Computer Architecture Lab/WS2007/diogenes instruction2
Diogenes Instruction Set
[edit | edit source](Minimalistic Instruction Set Architecture)
Διογένησ
Diogenes is a 32 Bit reduced RISC with 16 Bit wide instructions. It uses 16 general purpose registers, each 32 Bit wide.
There are several Types of Instructions:
- Arithmetic and Logic (3 Registers)
- Load Immediate (1 Register, 8Bit Immediate)
- Compare (3 Registers)
- Branch (1 Register condition, 8Bit signed Offset)
- Add/shift (1 Register, 6Bit Immediate)
- unconditional Jump (2 Registers: jump address and saved PC for calls)
- Move (2 Registers)
- Load/store (2 Registers, and
- select (special instructions for selecting (sign-extended) bytes or halfwords of a 32-Bit word)
Registers
[edit | edit source]- The 16 registers of diogenes are named l0 to l7 and h0 to h7.
- Most instructions may use all registers arbitrary as destination- and source-registers.
Two registers with the same number (e.g. l3 and h3) are called "brother-registers".
Some instructions may only use the first source-register or its corresponding brother-register as the result-register (e.g. "adi r1, r1, 1", and "adi r1, h1, 5" are allowed while "adi r1, r2, 1" is not possible).
Detailed Instruction Set and Bit encoding
[edit | edit source]The most significant bits of the instruction word define the instruction category.
Arithmetic Instructions
[edit | edit source]add | rd = ra + rb | |
subtract | rd = ra - rb | |
logical bitwise and | rd = ra + rb | |
logical bitwise or | rd = ra or rb | |
logical bitwise xor | rd = ra ^ rb | |
shift left signed | rd = ra << rb | rb is interpreted as signed value, negative values indicate an arithmetic shift right |
Load Immediate Instructions
[edit | edit source]load 8bit | rd = imm |
shift and load 8bit | rd = (rd << 8) + imm |
These 8-Bit instructions can be used to load immediate values.
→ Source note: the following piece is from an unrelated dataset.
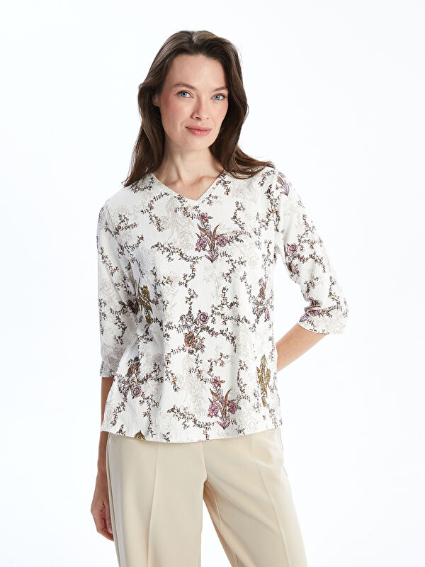 Блузка с V-образным вырезом и цветочным принтом для женщин

For example to load the 32 Bit Value 0x87654321 to r1, the following instructions can be executed:
- ldi r1, 0x87
- shi r1, 0x65
- shi r1, 0x43
- shi r1, 0x21
Our assembler supports a pseudo instruction to load 32-Bit values and uses these instructions internally.
Compare Instructions
[edit | edit source]Compare instructions compare the values of the registers ra and rb (that might be any of the 16 general purpose registers) and writes 0 or zero to the chosen register rd. The compare operations available are ra < rb for both signed and unsigned numbers. The semantic of >, <= or >= can be modeled with the branch instructions and/or exchanging ra and rb.
In this category, two instructions are still undefined, and might be used for future extensions like like multiplication.
Branch Instructions
[edit | edit source]Branch instructions are PC-relative (Program Counter) and have an 8 Bit signed offset. The check the contents of an register an branch either on a zero or non-zero value of this register. In the decode-stage (stage 2) the branch gets active and thus has one delayslot.
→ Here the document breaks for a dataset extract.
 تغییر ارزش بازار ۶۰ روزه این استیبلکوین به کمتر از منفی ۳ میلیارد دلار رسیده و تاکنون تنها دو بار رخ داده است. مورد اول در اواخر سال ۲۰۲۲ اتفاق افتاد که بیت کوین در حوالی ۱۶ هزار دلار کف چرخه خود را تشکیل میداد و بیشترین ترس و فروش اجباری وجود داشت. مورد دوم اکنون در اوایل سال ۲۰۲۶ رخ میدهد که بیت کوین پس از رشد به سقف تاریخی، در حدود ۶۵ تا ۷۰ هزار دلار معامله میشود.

shift/add 6Bit Immediate Instructions
[edit | edit source]These instructions are used to add or shift the value of a register with a 6Bit signed Immediate value. The result is stored in rd while the source-register may either be rd or the brother-register of rd.
Special Instructions
[edit | edit source]- The jump instruction unconditionally jumps to the address stored in ra with one delay slot (note that rd is ignored by this instruction and should be 0 to enable future extensions).
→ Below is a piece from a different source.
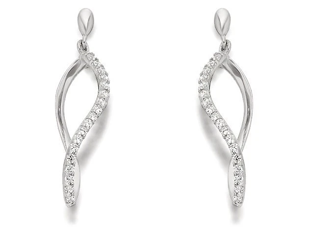 9ct White Gold Cubic Zirconia Drop Earrings - 25mm drop - G2839

- The call instruction is exactly the same as jump, except that the value of PC is stored to rd before the jump.
- The move instruction simply moves the contents of ra to rd
- The ld/ldio instructions load a value from address ra to rd (from internal memory resp. I/O).
- The st/stio instructions store the value of rd to a location at address ra (in internal memory resp. I/O). Note that this instruction does not use rd as destination-register.
Select Instructions (currently not implemented)
[edit | edit source]Select instructions are used to mask out a signed or unsigned, word or halfword from a 32 bit register. They can be used to "emulate" unaligned memory access (which is not supported by ld/st instructions) and to sign/zero extend byte and halfword values.
- the seh and seb instructions use the lower bits of register ra to determin which byte or halfword should be selected. They treat values as unsigned.
- the seixx intructions select the byte/halfword specified by imm and are available in signed and unsigned versions.
- these instructions are not implemented in our current processor design (and might be removed).